Exercise aim — Word for word, copy the lines from the one with "紀北町、紀伊長島駅のすぐ目の" to the last line of the data below, counting both, and keep every picture out.

Source material —
[Start of Attachment]

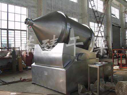 EYH型二维运动混合机产品概述 EYH型二维运动混合机主要由转筒、摆动架、机架部分构成。转筒装在摆动架上,由四个滚轮支撑并由两个挡轮对其进行轴向定位。在四个支撑滚轮中,其中两个传动轮由转动动力系统拖动使转筒产生转动,摆动架由一组曲柄摆杆机构来驱动,曲柄摆杆机构装在机架上,摆动架由轴承组件支撑在机架上。EYH型二维运动混合机广泛用于医药、化工、食品、染料、饲料、化肥、农药等行业尤其适用于大吨位(1000L~10000L)各种粉、粒状物料的混合。EYH型二维运动混合机设备特点 EYH型二维运动混合机的转筒可同时进行二个运动,一个为转筒的自转,另一个为转筒随摆动架的摆动。被混和物料在转筒内随转筒转动、翻转、混和的同时,又随转筒的摆动而发生左右来回的掺混运动,在这两个运动的共同作用下,物料在短时间内得到充分的混和。混合筒的出料带有螺旋叶片,使混合机具有混合迅速、混合量大、出产便捷等特点。EYH二维混合机适合所有粉、粒状物料的混合。本设备经过我公司技术改进使用双臂传动,比一班单臂传动稳。特大吨位混合双臂传动效果比较明显。EYH型二维运动混合机工作原理
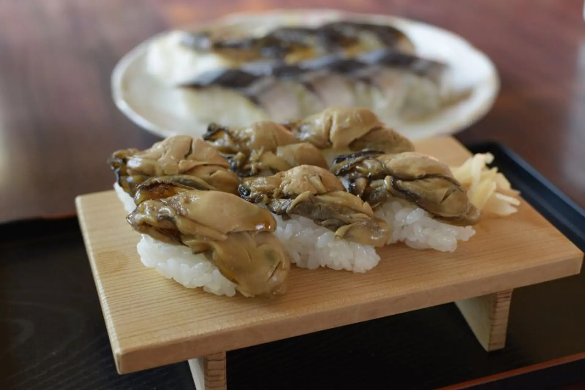 紀北町、紀伊長島駅のすぐ目の前にある「万両寿司」では、幻の牡蠣を使ったこの地の郷土寿司である「渡利かきの握り寿し」が味わえます。
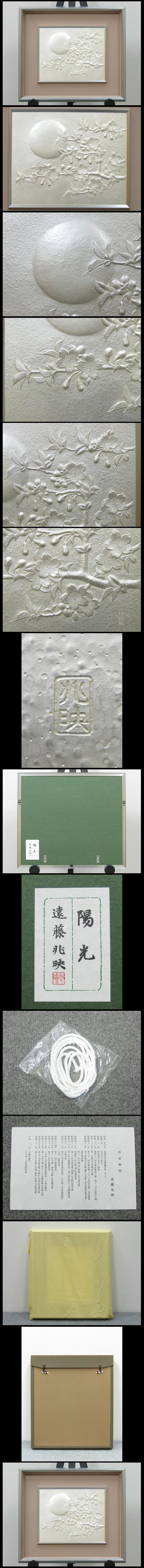 【心庵】額装 遠藤兆映 彫金画「陽光」山桜図 3号 共シール 略歴 日展評議員 タトウ付 B819 收藏

[End of Attachment]

Result of the exercise —
 紀北町、紀伊長島駅のすぐ目の前にある「万両寿司」では、幻の牡蠣を使ったこの地の郷土寿司である「渡利かきの握り寿し」が味わえます。
 【心庵】額装 遠藤兆映 彫金画「陽光」山桜図 3号 共シール 略歴 日展評議員 タトウ付 B819 收藏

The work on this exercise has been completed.